■ THE PROBLEM ■
Starting at the line below with "湛霞财[2017]188号关于下达建档立卡学生生活费资金的通知" and stopping at the line with "小峯 八兵衛さんの地格は31画の5点!", please print each line exactly, those two included, and skip every picture.

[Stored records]
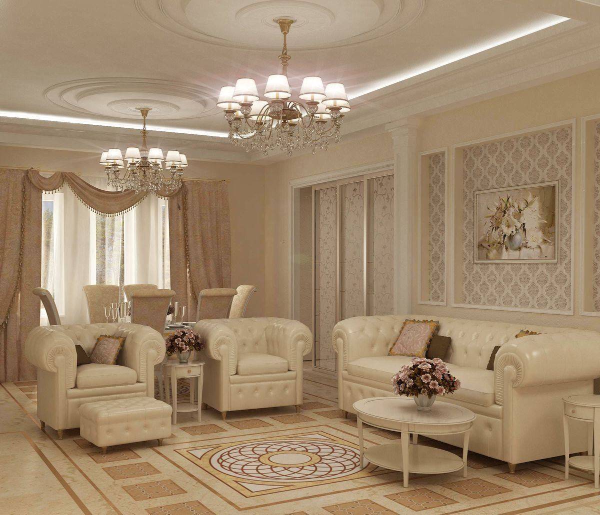 Цветовое решение классического интерьера предполагает достижение общей гармонии. Теплые пастельные оттенки выступают в качестве основных цветов. Это может быть бежевый, молочный, кремовый цвета. Потолок, колонны и камин оформляют белым цветом.
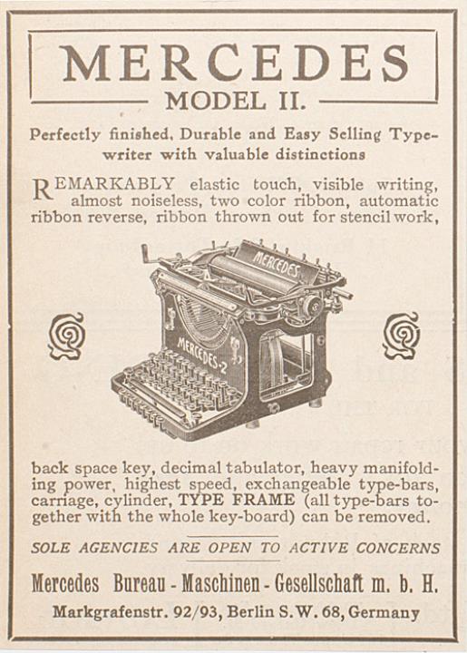 Werbeanzeige für Schreibmaschine Mercedes 2 monochrom
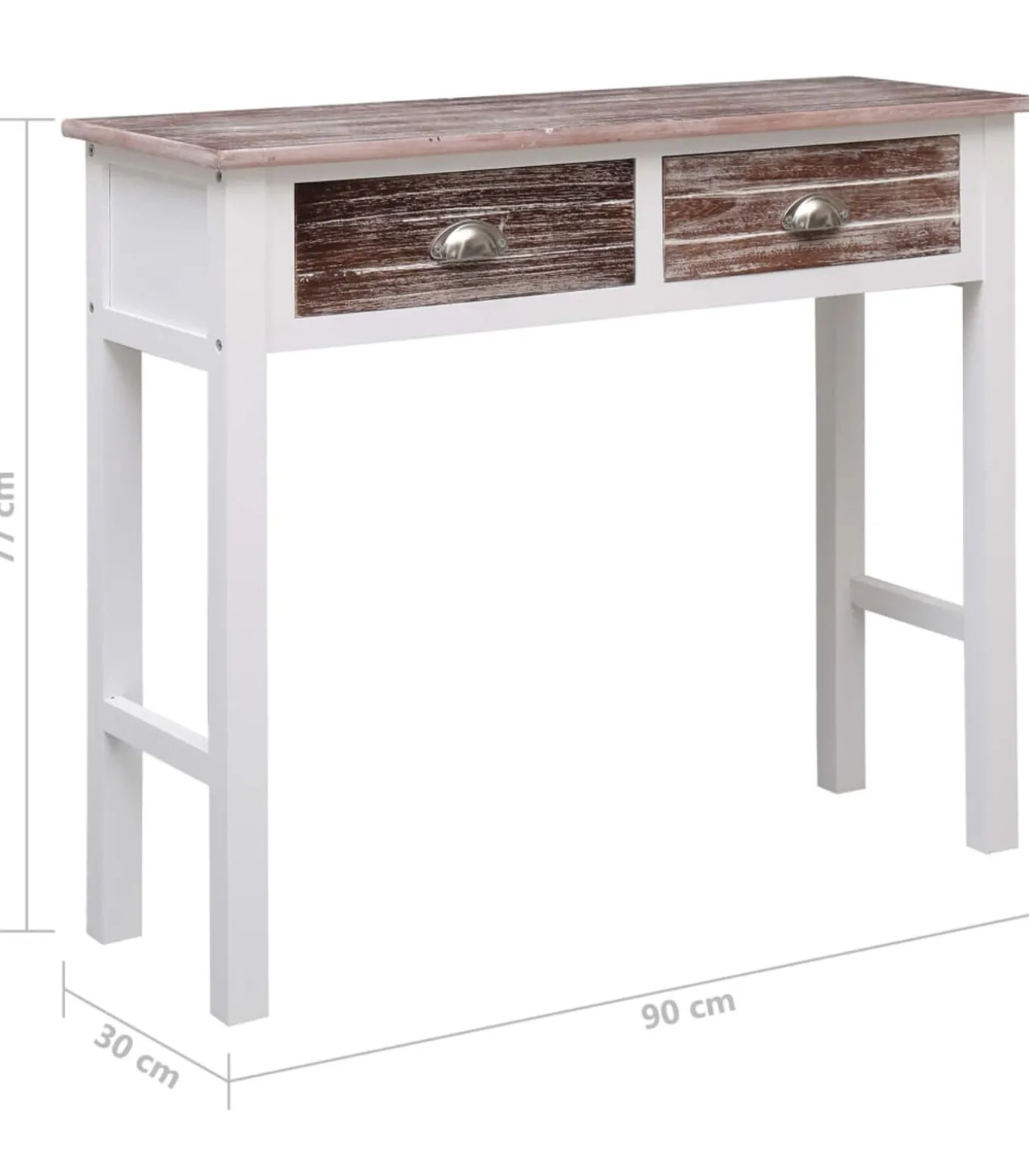 Deze tafel is gemaakt van hoogwaardig paulownia– en populierenhout waardoor hij duurzaam is en gemakkelijk schoon te maken is met een vochtige doek. Hij heeft 2 lades, waardoor er voldoende ruimte is om allerlei kleinere spullen geordend en binnen handbereik te houden.
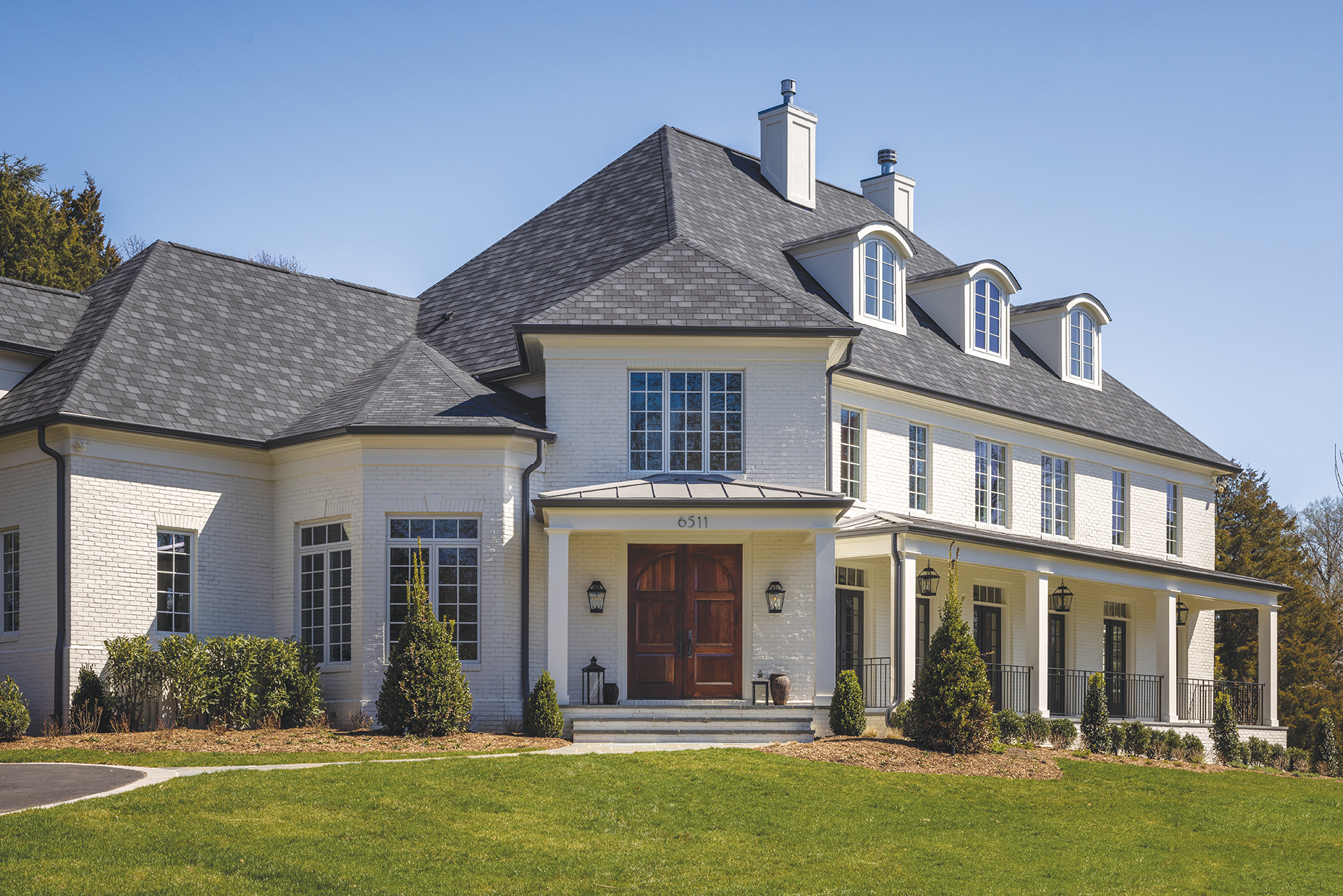 Next, the architect worked to reduce the home’s perceived scale. She designed a single-story entry portico and switched out the Palladian window for a square one with better proportions. The arched roofline above it was flattened and angled to tie in with the existing roof forms. A sweeping, one-story porch added dimension to the long side elevation.
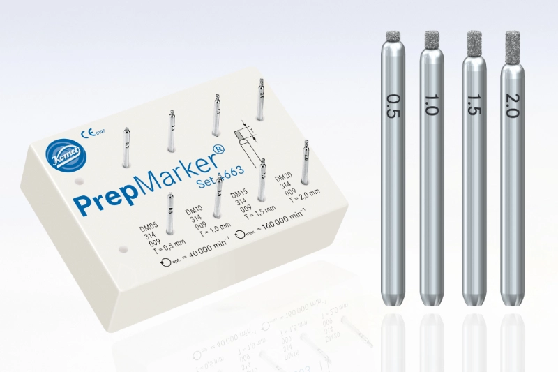 Die verschiedenen Instrumente zur Tiefenmarkierung von Komet helfen in jedem Fall dabei, diese Vorgaben exakt einzuhalten und ein sicheres Präparationsergebnis zu erreichen. Komet bietet diverse Produktvarianten zur Tiefenmarkierung: Rillenschleifer, Räder, PrepMarker und tiefenmarkierte Präparationsinstrumente.
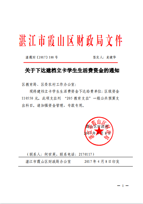 湛霞财[2017]188号关于下达建档立卡学生生活费资金的通知
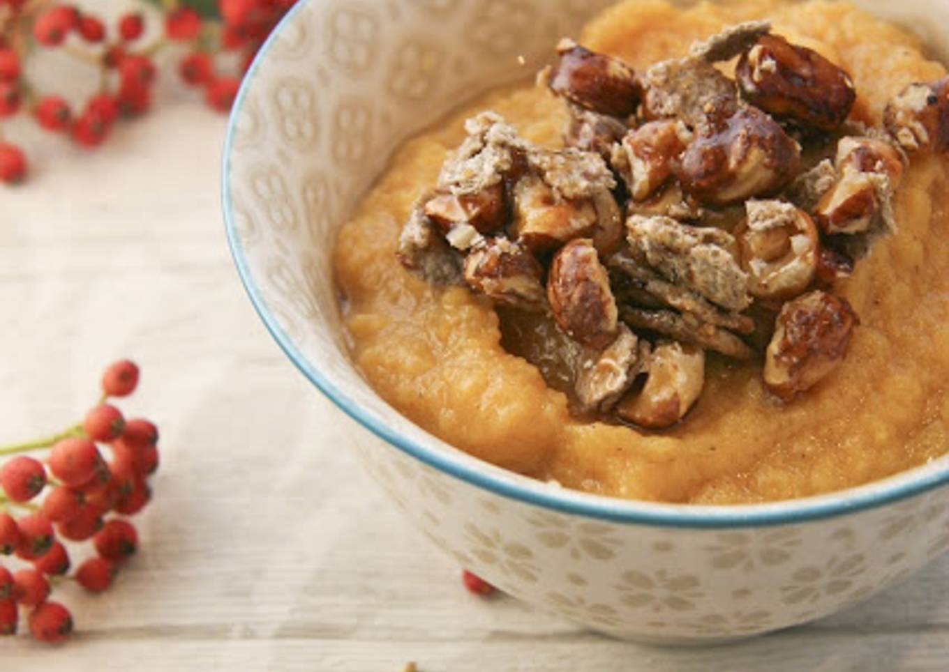 Compote pomme-kaki et son craquant sarrasin et noisette
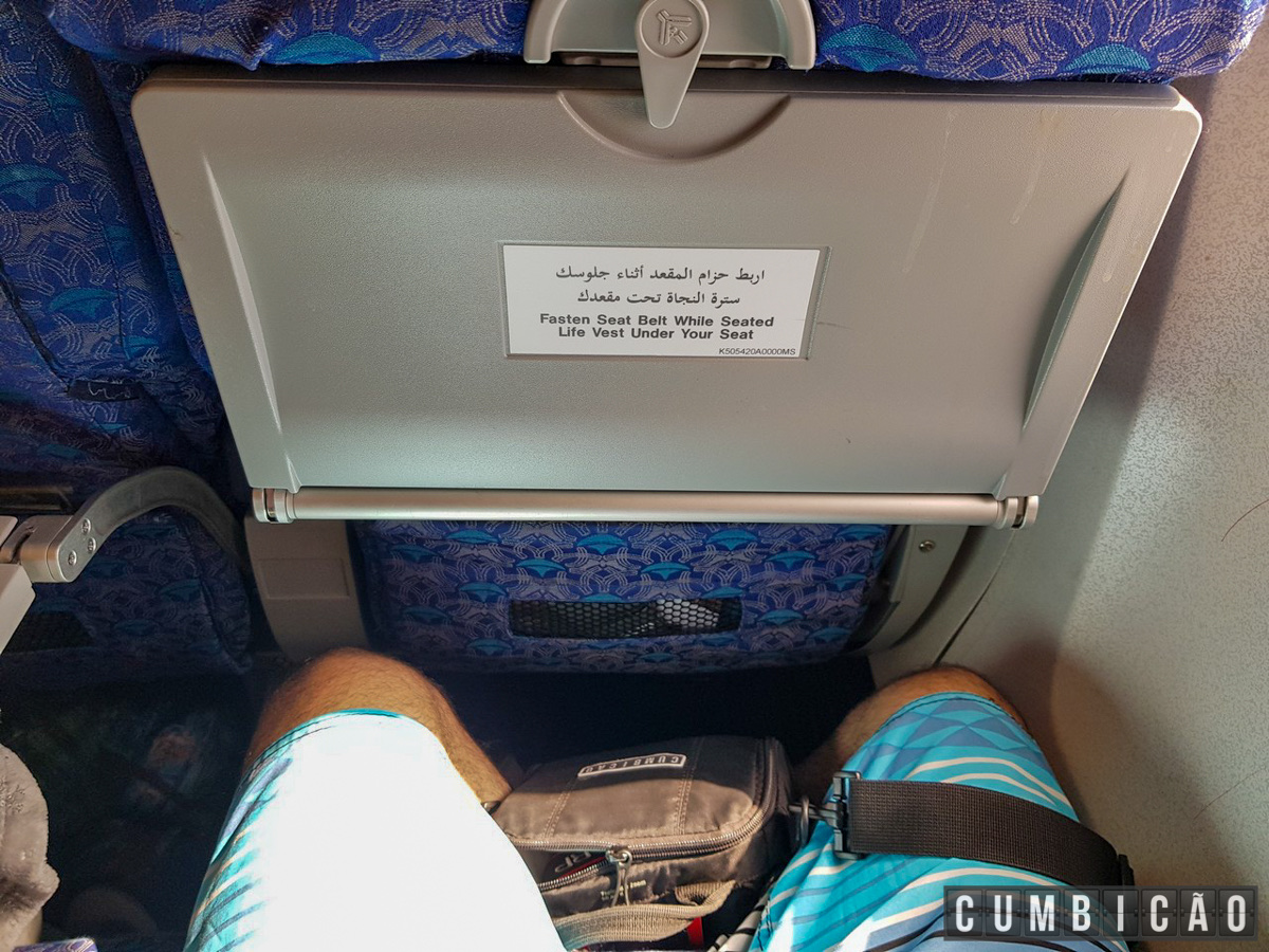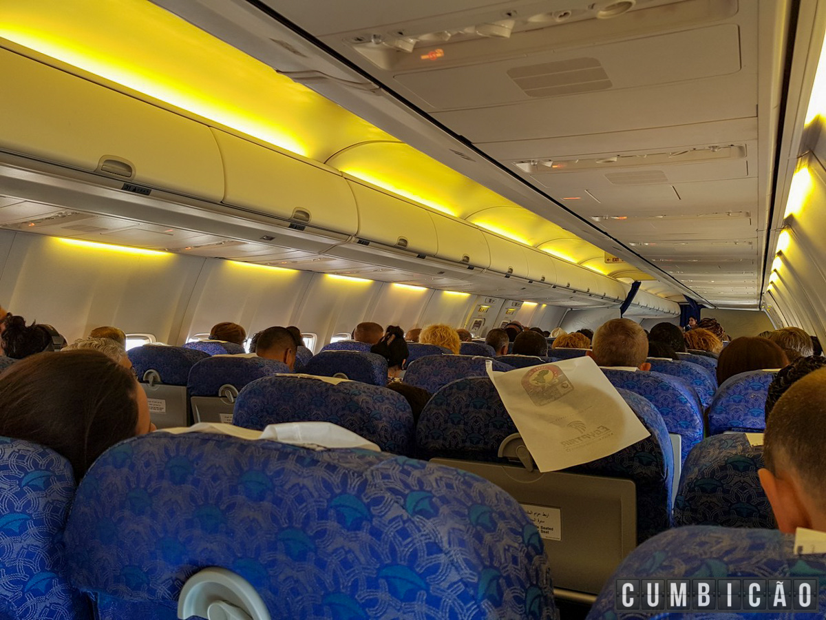 Quando vi o da Sra. Cumbicona, que era o do corredor, notei que de fato, apesar da nossa escolha no site da EgyptAir, no final colocaram ela na fileira de trás onde estavam apenas um casal de ingleses e um assento vazio.
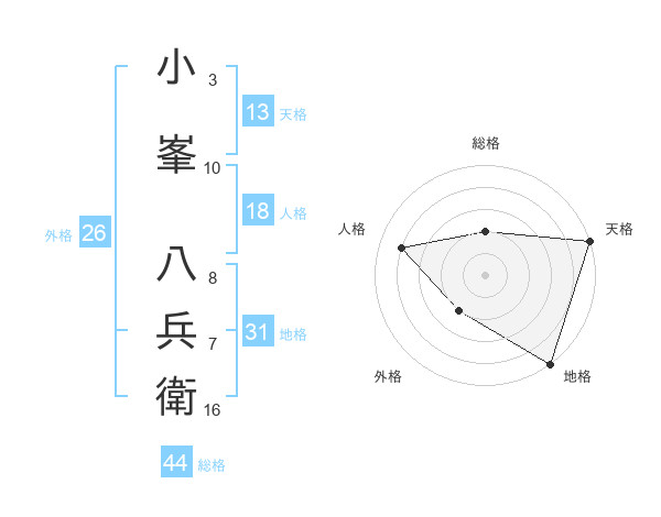 小峯 八兵衛さんの地格は31画の5点!
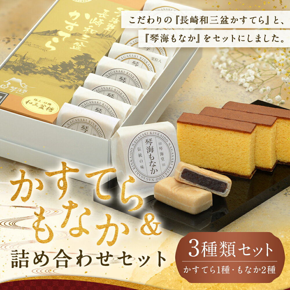 【ふるさと納税】 【7営業日以内発送】【詰め合わせセット】 長崎和三盆かすてら1号&長崎銘菓の琴海もなか2種 各4個 カステラ カット済み モナカ おやつ 菓子
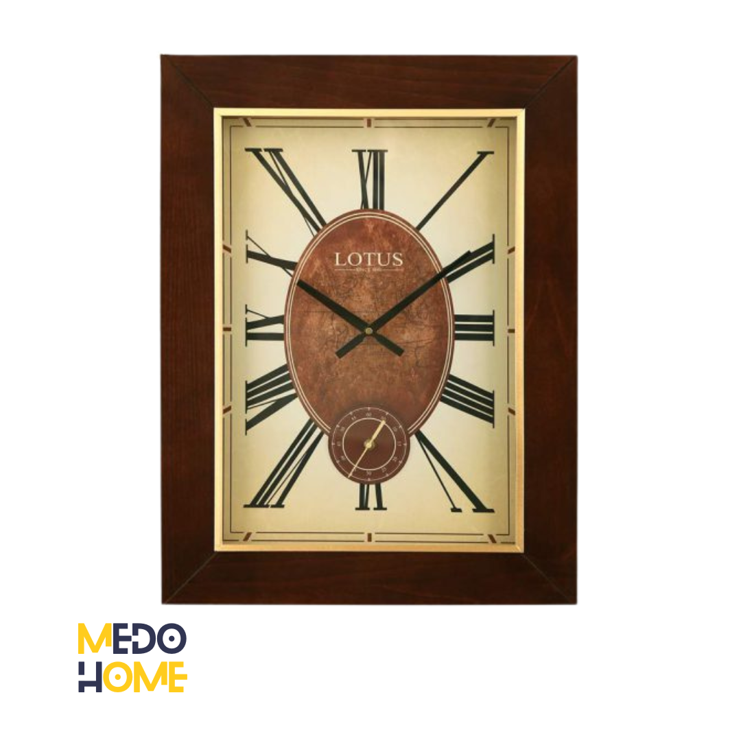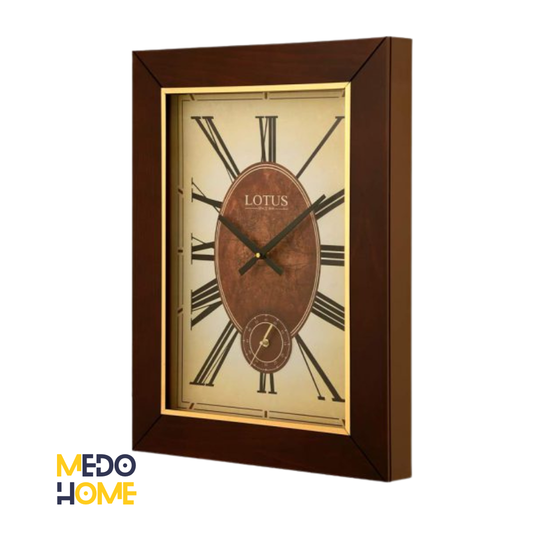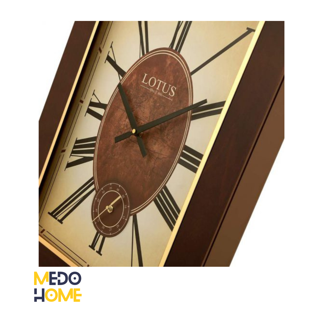 لوتوس ساعت دیواری چوبی SKANDIA را به صورت دو موتوره طراحی کرده است. بك گراند صفحه به رنگ کرم است كه در ترکیب با فریم چوبی بسیار زیبا دیده می شود. زه فلزي طلايي روي فريم مثل يك قاب دور صفحه عمل كرده است. و باعث شده صفحه زيباتر شود و فریم ساعت دیواری چوبی SKANDIA از سادگی خارج شود.

■ REPLY ■
 湛霞财[2017]188号关于下达建档立卡学生生活费资金的通知
 Compote pomme-kaki et son craquant sarrasin et noisette
 Quando vi o da Sra. Cumbicona, que era o do corredor, notei que de fato, apesar da nossa escolha no site da EgyptAir, no final colocaram ela na fileira de trás onde estavam apenas um casal de ingleses e um assento vazio.
 小峯 八兵衛さんの地格は31画の5点!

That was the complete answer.